Any recommendations? Or places to really avoid?

cheers


----------



## Puddy_Tat (Dec 8, 2009)

It's about 20 years (eek!) since i lived in Leeds, so my knowledge of it is probably not going to be helpful.

I have some friends who live in York, and while (broadly speaking) they like it, having to fight their way through hordes of tourists to get anywhere is occasionally a bit annoying...


----------



## derf (Dec 9, 2009)

Leeds is a shit tip.
York is nice.

Hope that helps.


----------



## The Black Hand (Dec 9, 2009)

janeb said:


> Currently live in Newcastle, which we both love, but Mr JB has been offered 2 jobs - one in York and one in Leeds - he's trying to work out which one he wants to take as both are great, I think he'll go for the Leeds one...
> 
> Anyway, if he took York he could commute, if he takes Leeds he can't - in the short term he'll rent a place during the week but medium to longer term we'll prob rent out our house here for a while and move to rent somewhere in Yorkshire - I can as easily work from Yorkshire as the NE as my job covers the North of England
> 
> ...



Difficult one, I prefer York to Leeds, Leeds i can find depressing. C above for other comments in bold.


----------



## QueenOfGoths (Dec 9, 2009)

York sounds good for you but I would also suggest looking at Skipton and Harrogate - both have good rail links to Leeds (about 40 mins from Harrogate, 45 mins from Skipton) with regular services.

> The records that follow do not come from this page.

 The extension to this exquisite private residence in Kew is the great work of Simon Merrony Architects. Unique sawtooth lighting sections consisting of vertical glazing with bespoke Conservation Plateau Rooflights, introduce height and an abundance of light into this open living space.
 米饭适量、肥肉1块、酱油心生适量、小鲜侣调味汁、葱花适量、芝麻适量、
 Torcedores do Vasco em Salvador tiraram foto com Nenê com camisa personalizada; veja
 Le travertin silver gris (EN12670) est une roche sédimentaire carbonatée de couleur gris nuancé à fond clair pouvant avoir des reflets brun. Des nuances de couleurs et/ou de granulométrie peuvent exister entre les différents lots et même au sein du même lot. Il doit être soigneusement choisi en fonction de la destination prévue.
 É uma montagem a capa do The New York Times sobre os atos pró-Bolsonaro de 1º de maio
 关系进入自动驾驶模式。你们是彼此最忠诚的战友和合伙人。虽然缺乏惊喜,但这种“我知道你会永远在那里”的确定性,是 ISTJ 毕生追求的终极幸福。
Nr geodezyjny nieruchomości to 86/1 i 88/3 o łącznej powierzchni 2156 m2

Both are rural i.e. on the doorstep of the Dales in Skipton's case, but you wouldn't necessarily need to drive if you lived in the town and both are very pleasant towns in themselves with good shopping in Harrogate, a market in Skipton and plenty going on.

Or Ilkley may be another possibility - half an hour to Leeds with 3 trains an hour - though it is a bit Retirement Home heaven!


----------



## CyberRose (Dec 9, 2009)

Generally speaking the northern suburbs of Leeds are the nicest ones (all of which have good transport links to the centre, either by bus or by train). 

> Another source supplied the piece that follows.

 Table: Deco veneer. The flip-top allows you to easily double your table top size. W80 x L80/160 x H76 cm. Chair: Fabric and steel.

I've lived in Leeds for bout 5 1/2 years now and lived in the student areas for four years and now rent a flat in the city centre.

Living in the city centre is obviously really convenient but the cost is a bit much compared to what you can get in the suburbs (I'm always struggling at the end of the month but suppose it depends how much you and Mr JB will be bringing home and your lifestyle)

It's a busy city but they obviously have their advantages with pretty much everything you want or need right on your doorstep. York is half the size of Leeds but at the same time would probably be even busier due to the fact it's the tourist capital of the North.

If your office is 10 mins from the station it doesn't really matter where you live in Leeds, but where will Mr JB be based?

I can't really comment on York but if there's anything you need to know about Leeds I could probably help you with...


----------



## janeb (Dec 9, 2009)

Thanks all - he's accepted the job in York, so York or thereabouts it is I guess   and although he'll be fine to commute for a while I don't think he'll manage for very long - so still thinking about moving as a possible plan

So, our budget is still tbc, but looking at the market in Newcastle I think I'll be able to rent our house out for about £700 - £800pm, so that'd be our top limit - prob looking to move May'ish as we're having work done to our house in the Spring and need to get that done regardless of whether we're going to be living in it (Bathroom is beyond horrible...)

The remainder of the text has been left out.